• [WHAT IS NEEDED]: Find the line that holds "11月29日至30日,由贵州", then repeat it and each line below it word for word through the end of the listing, leaving out pictures.

• [DATA BLOCK]:
________________
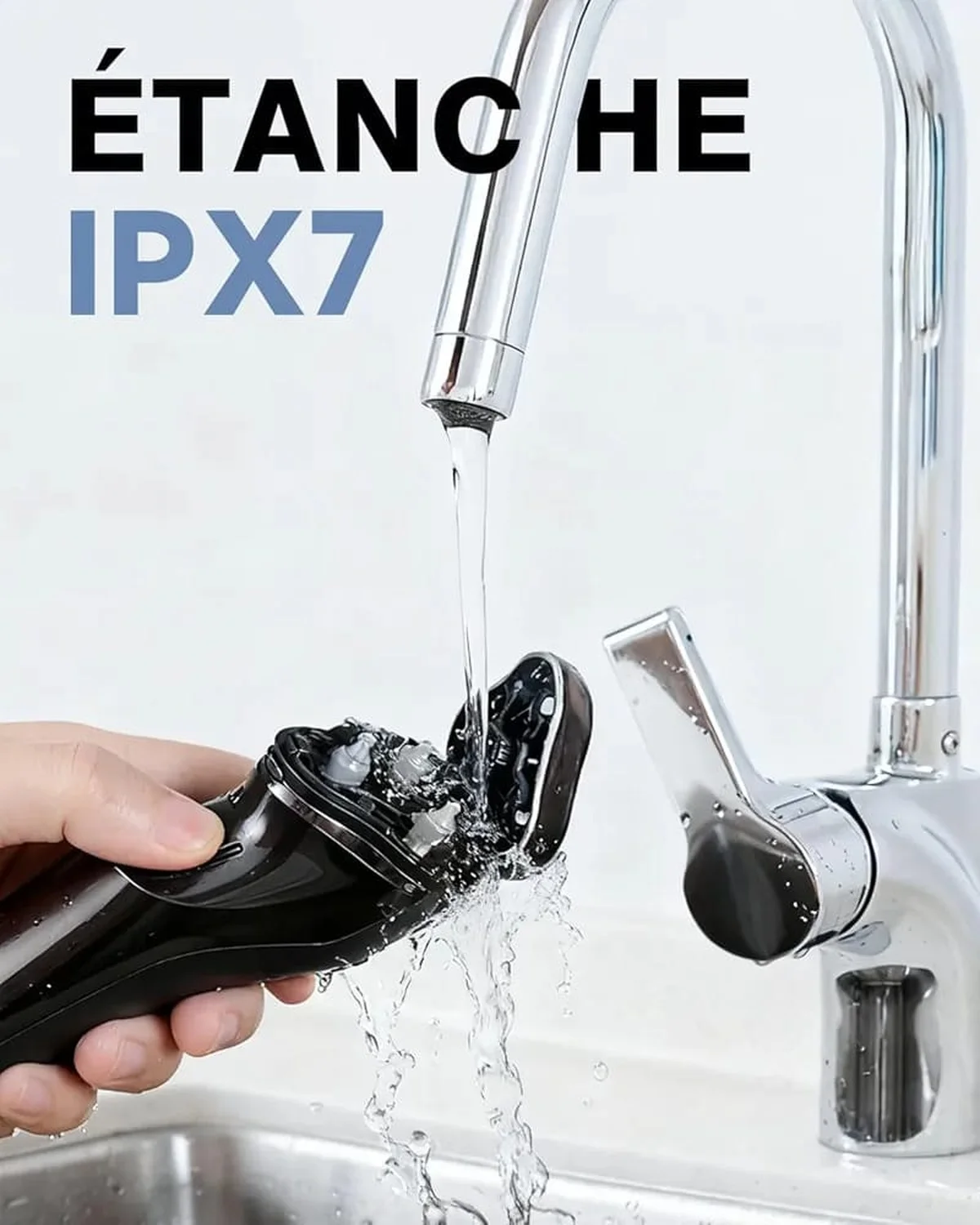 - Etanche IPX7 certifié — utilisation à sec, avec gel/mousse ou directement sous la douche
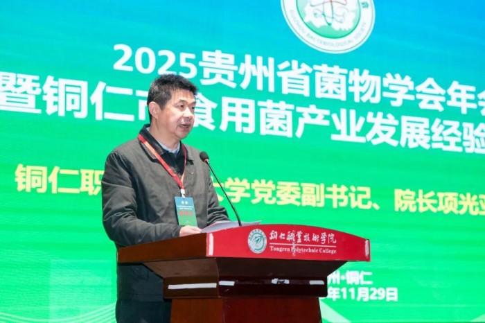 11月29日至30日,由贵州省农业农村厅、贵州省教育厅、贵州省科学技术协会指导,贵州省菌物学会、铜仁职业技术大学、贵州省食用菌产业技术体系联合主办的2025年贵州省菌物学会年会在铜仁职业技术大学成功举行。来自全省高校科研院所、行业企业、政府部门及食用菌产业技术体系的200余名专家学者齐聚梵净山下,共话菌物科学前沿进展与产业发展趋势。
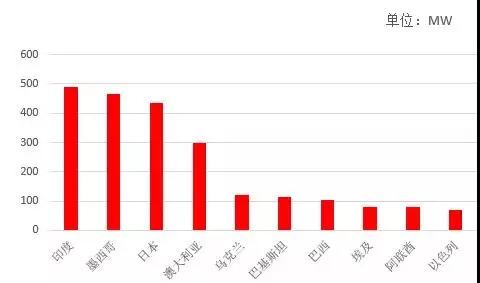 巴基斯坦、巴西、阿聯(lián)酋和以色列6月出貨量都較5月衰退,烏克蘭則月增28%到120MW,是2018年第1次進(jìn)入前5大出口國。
________________
• [EXERCISE OUTPUT]:
 11月29日至30日,由贵州省农业农村厅、贵州省教育厅、贵州省科学技术协会指导,贵州省菌物学会、铜仁职业技术大学、贵州省食用菌产业技术体系联合主办的2025年贵州省菌物学会年会在铜仁职业技术大学成功举行。来自全省高校科研院所、行业企业、政府部门及食用菌产业技术体系的200余名专家学者齐聚梵净山下,共话菌物科学前沿进展与产业发展趋势。
 巴基斯坦、巴西、阿聯(lián)酋和以色列6月出貨量都較5月衰退,烏克蘭則月增28%到120MW,是2018年第1次進(jìn)入前5大出口國。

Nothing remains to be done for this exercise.